Stephen Black wrote:
I have installed Suse Linux on my new computer with a Realtek RTL8111B ethernet controler. I have not had any success in connecting to the net and would like to know if there is a way to test my ethernet port to see if it is compatable with the OS (which seems likely as SUSE supports 5 other similar chipsets but mine is not mentioned)

You can check support for PCI devices very easily.

List the PCI bus, noting the address of the device
# lspci
...
02:05.0 Ethernet controller: Broadcom Corporation NetXtreme BCM5703X Gigabit 
Ethernet (rev 02)

List it again, grabbing the value of the PCI device ID for that address (in 
this case 02:05.0).
Each make and model of PCI device has a differing device ID.
# lspci -n
...
02:05.0 0200: 14e4:16a7 (rev 02)

Expand that PCI ID into two 32-bit values, like this:
  14e4:16a7 --> 0x000014e4 0x000016a7

Now search your kernel for support for that device
# grep '0x000014e4 0x000016a7' /lib/modules/`uname -r`/modules.pcimap
tg3                  0x000014e4 0x000016a7 0xffffffff 0xffffffff 0x00000000 
0x00000000 0x0

You can see that this Linux has a tg3 module which supports the PCI device with
device ID 14e4:16a7.

You can check to see if that module got installed:
# lsmod
Module                  Size  Used by
...
tg3                   105413  0

and if the module issued any log messages
# dmesg
tg3.c:v3.65 (August 07, 2006)
eth1: Tigon3 [partno(BCM95703A30) rev 1002 PHY(5703)] (PCIX:100MHz:64-bit) 
10/100/1000BaseT Ethernet 00:00:e2:**:**:**
eth1: RXcsums[1] LinkChgREG[0] MIirq[0] ASF[0] Split[0] WireSpeed[1] TSOcap[1]
eth1: dma_rwctrl[769f4000] dma_mask[64-bit]
PM: Writing back config space on device 0000:02:05.0 at offset b (was 164714e4,
writing 26f1014)
PM: Writing back config space on device 0000:02:05.0 at offset 3 (was 4000, 
writing 4008)
PM: Writing back config space on device 0000:02:05.0 at offset 2 (was 2000000, 
writing 2000002)
PM: Writing back config space on device 0000:02:05.0 at offset 1 (was 2b00000, 
writing 2b00146)
PM: Writing back config space on device 0000:02:05.0 at offset 0 (was 164714e4,
writing 16a714e4)
ADDRCONF(NETDEV_UP): eth1: link is not ready
tg3: eth1: Link is up at 1000 Mbps, full duplex.
tg3: eth1: Flow control is off for TX and off for RX.
ADDRCONF(NETDEV_CHANGE): eth1: link becomes ready

and if the result was a network interface
# ifconfig -a
...
eth1      Link encap:Ethernet  HWaddr 00:00:E2:...
          inet addr:...  Bcast:...  Mask:...
          inet6 addr: 2001:388:1:.../64 Scope:Global
          inet6 addr: fe80::200:.../64 Scope:Link
          UP BROADCAST RUNNING MULTICAST  MTU:9000  Metric:1
          RX packets:62600 errors:0 dropped:0 overruns:0 frame:0
          TX packets:14223 errors:0 dropped:0 overruns:0 carrier:0
          collisions:0 txqueuelen:1000
          RX bytes:71110906 (67.8 MiB)  TX bytes:1451738 (1.3 MiB)
          Interrupt:177

Since yours is not yet attached to anything it won't have a IPv4 or IPv6
address.  The traffic counters will be 0.

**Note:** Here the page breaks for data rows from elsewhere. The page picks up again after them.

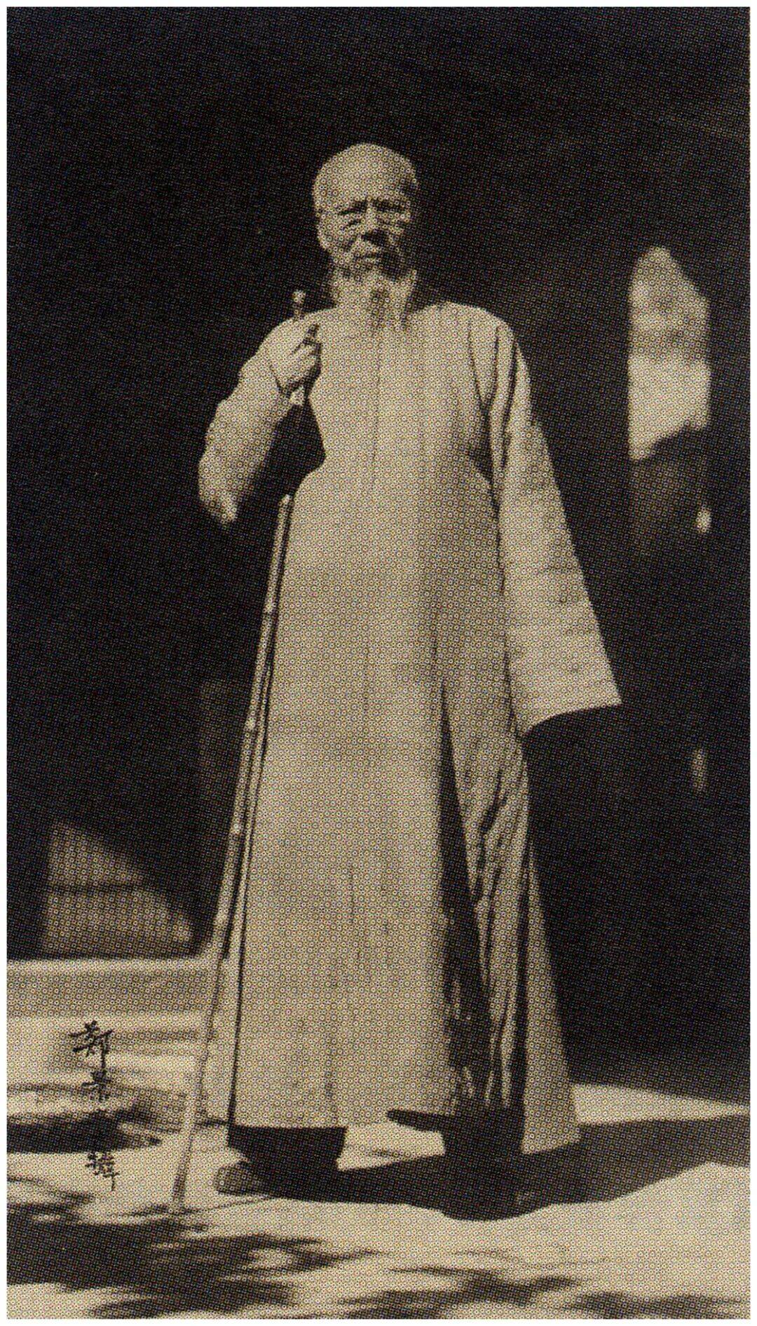 郑景康为老人拍摄的照片如今可见3张,以下择其二作说明。一张是胸像,一张是全身照,焦点是齐白石拄着拐杖。照片中的齐白石穿着棉袍,身体右倾,目视前方而神情哀苦,右手拄着一根笔直的竹杖——区别于十年后的红漆藤杖。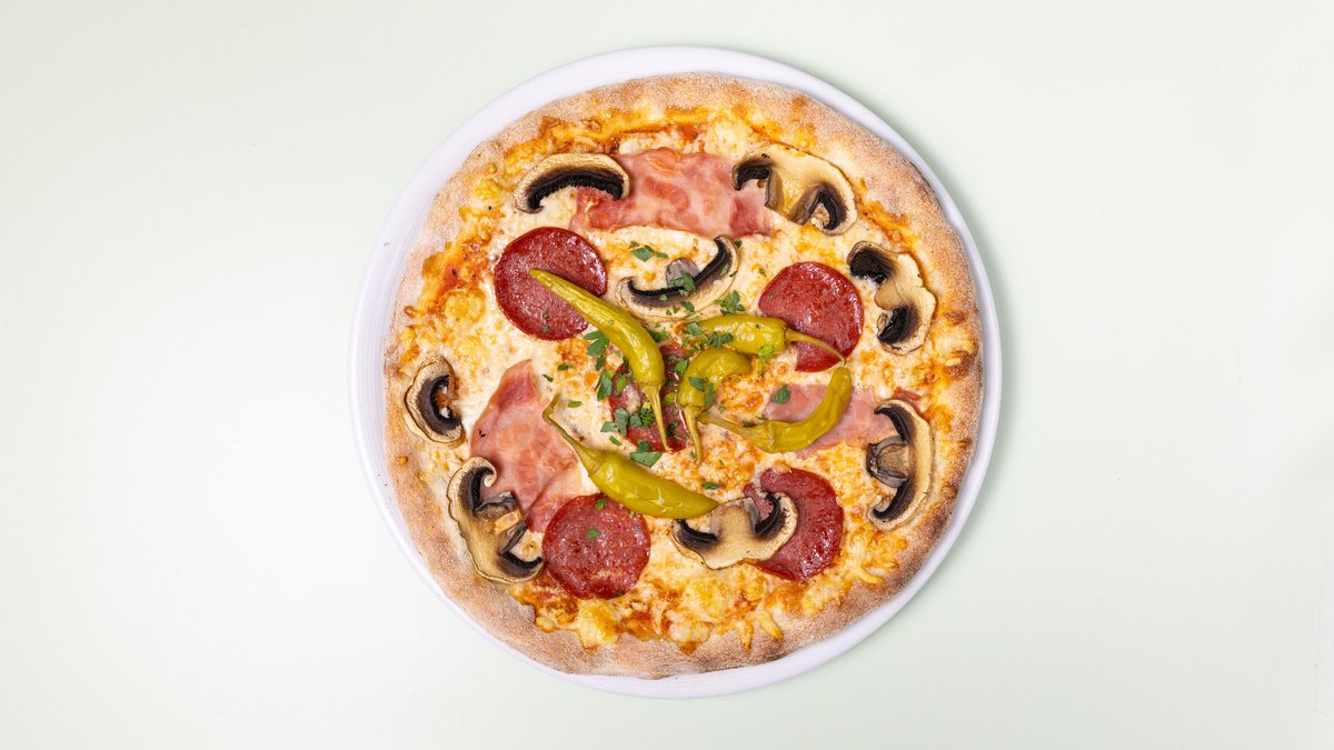 mit türkische Knoblauchwurst (Sucuk, Tomatenscheiben, Zwiebeln und Peperoni)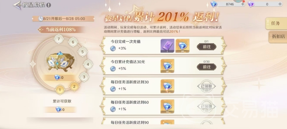 玩家完成每日任务不仅可获得返利比增幅,还有机会获得启程商店的折扣券等奖励,这些任务为期7天,每天都会在早上5:00刷新,保证了活动的持续性和新鲜感,上面的启程商店中折扣券如果过期未使用会被系统销毁,而未领取的蓝钻则会在活动结束后发放至玩家邮箱,确保大家不会错过任何福利。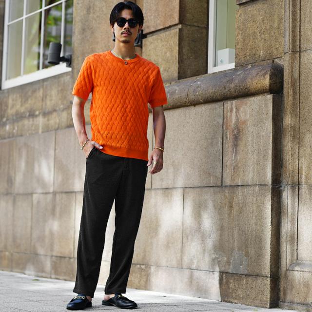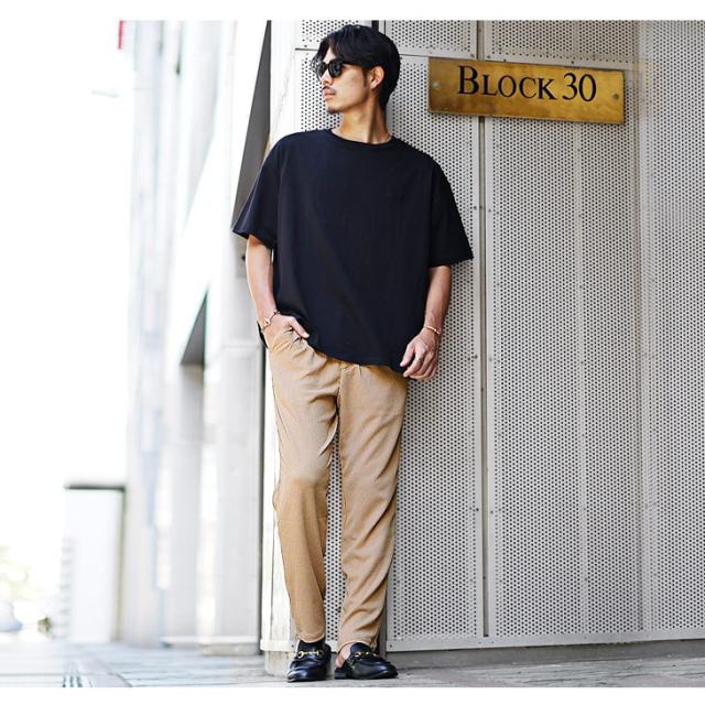 全体的にややゆとりのあるサイズ感です。柔らかい生地感で伸縮性もあるのでノンストレスで着用することができます。清涼感のある素材を活かしたワイドシルエットはトレンド感と大人感が生まれ、とてもオシャレです。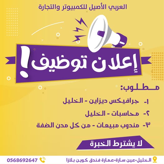وظائف شاغرة في شركة العربي الأصيل 2025 في الخليل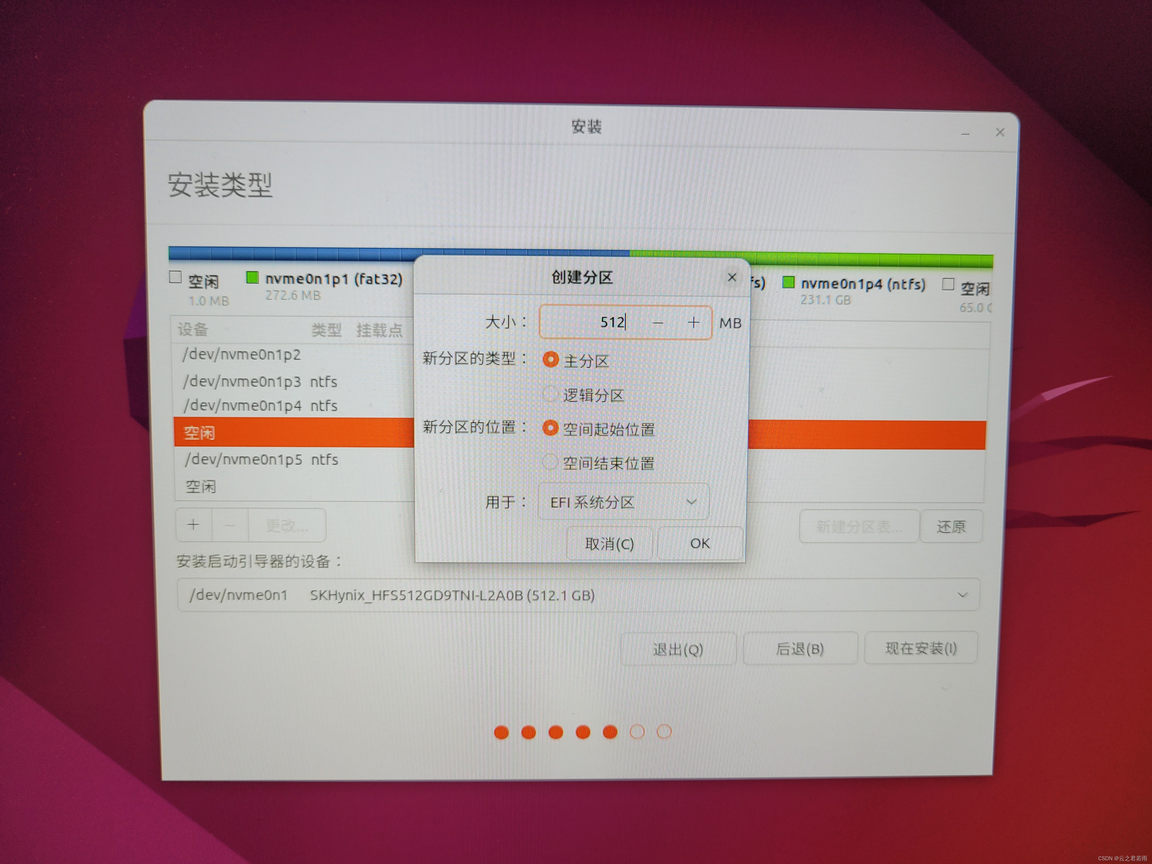 选择空闲区域,先创建512MB大小的EFI系统分区,作为Ubuntu系统的引导项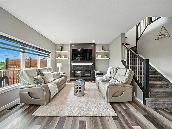 Visit REALTOR® website for additional information. This exceptional custom-built residence with A/C showcases over $100,000 in premium upgrades and an unparalleled attention to detail. The heated double attached garage—finished with epoxy flooring—doubles as a refined man cave or extra storage, while the home’s prime location backs directly onto tranquil green space. In sought-after Liberty Landing, Red Deer County —close to everything you need and enjoying the advantage of lower taxes.Step inside to a bright, open-concept main level with 9 foot ceilings & beautiful views. The living room, anchored by a stylish fireplace, flows seamlessly into the chef-inspired kitchen featuring a large island with breakfast bar, gleaming quartz countertops, upgraded tile backsplash, walk-in pantry, and an elegant dining area with glass doors opening to the deck for enjoying the outdoors. The main level also has a mudroom and 2 pc bath for convenience. Upstairs, a versatile loft connects to 3 bedrooms and 2 full baths, including the luxurious primary suite with walk-in closet and spa-inspired 5-piece ensuite. The convenience of an upper-level laundry adds to the thoughtful design. The fully finished lower level offers a spacious recreation room with a fireplace, & two more bedrooms —perfect for guests or extended family. Outside, the partially covered deck invites year-round relaxation while capturing the stunning, uninterrupted views of the surrounding green space. This home seamlessly blends refined design, modern comfort, and a coveted location—offering an extraordinary lifestyle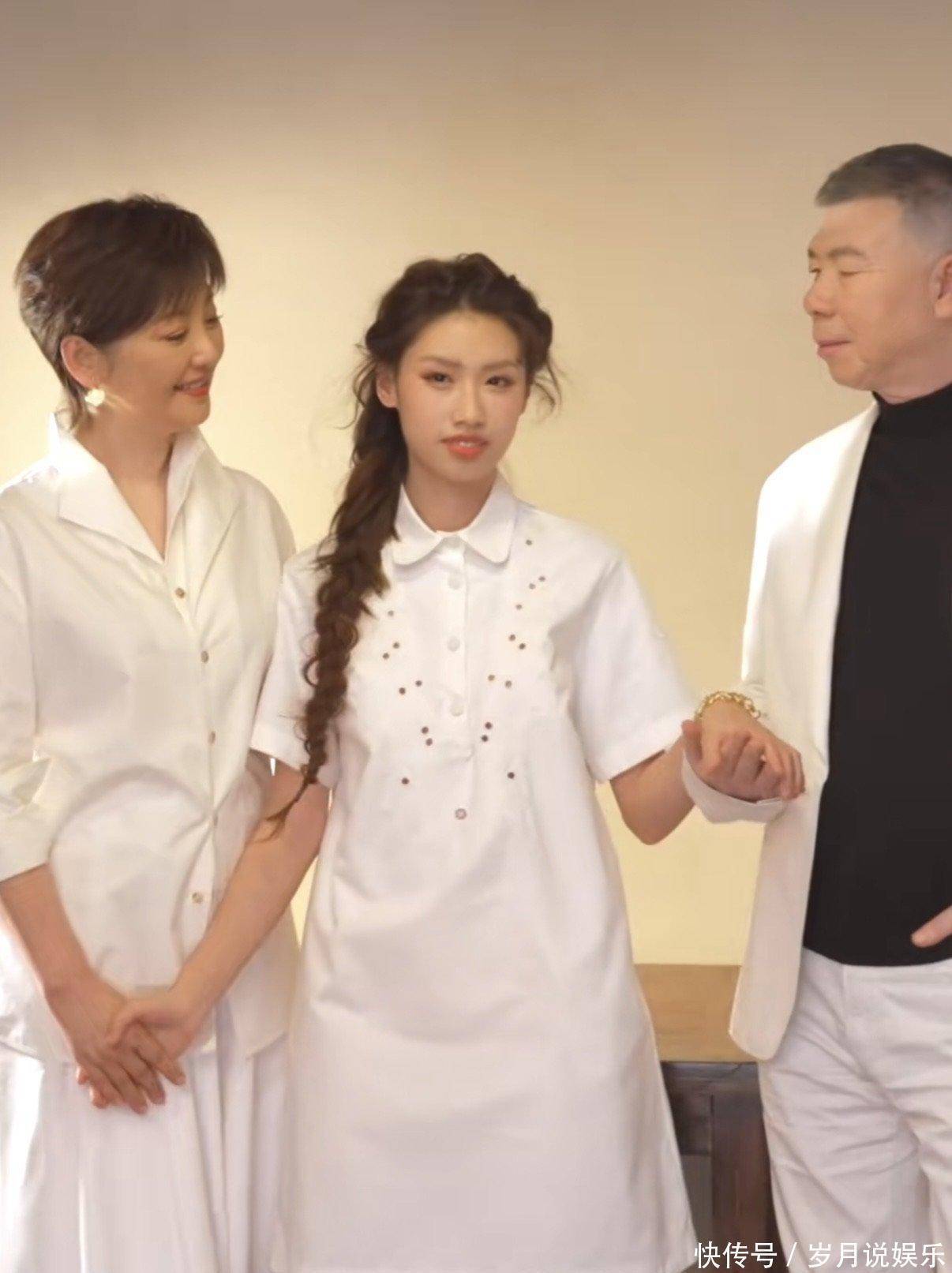 他们一家三口同框的画面,真是暖意融融。徐朵站在正中间,双手轻轻搭在父母的肩头,冯小刚眯着眼,神情里满是幸福。

I don't yet have a broadband account but I have noticed that the phone line will connect to the ethernet port (RJ45) and I was wondering if I could use the port to dial into the internet as a temporary measure untill I get some broadband action happening

Ethernet uses a different set of voltages to the phone network, so this isn't
a good idea. The 802.3 standard which defines Ethernet encourages, but
does not require, interfaces to be resilient to PSTN voltages.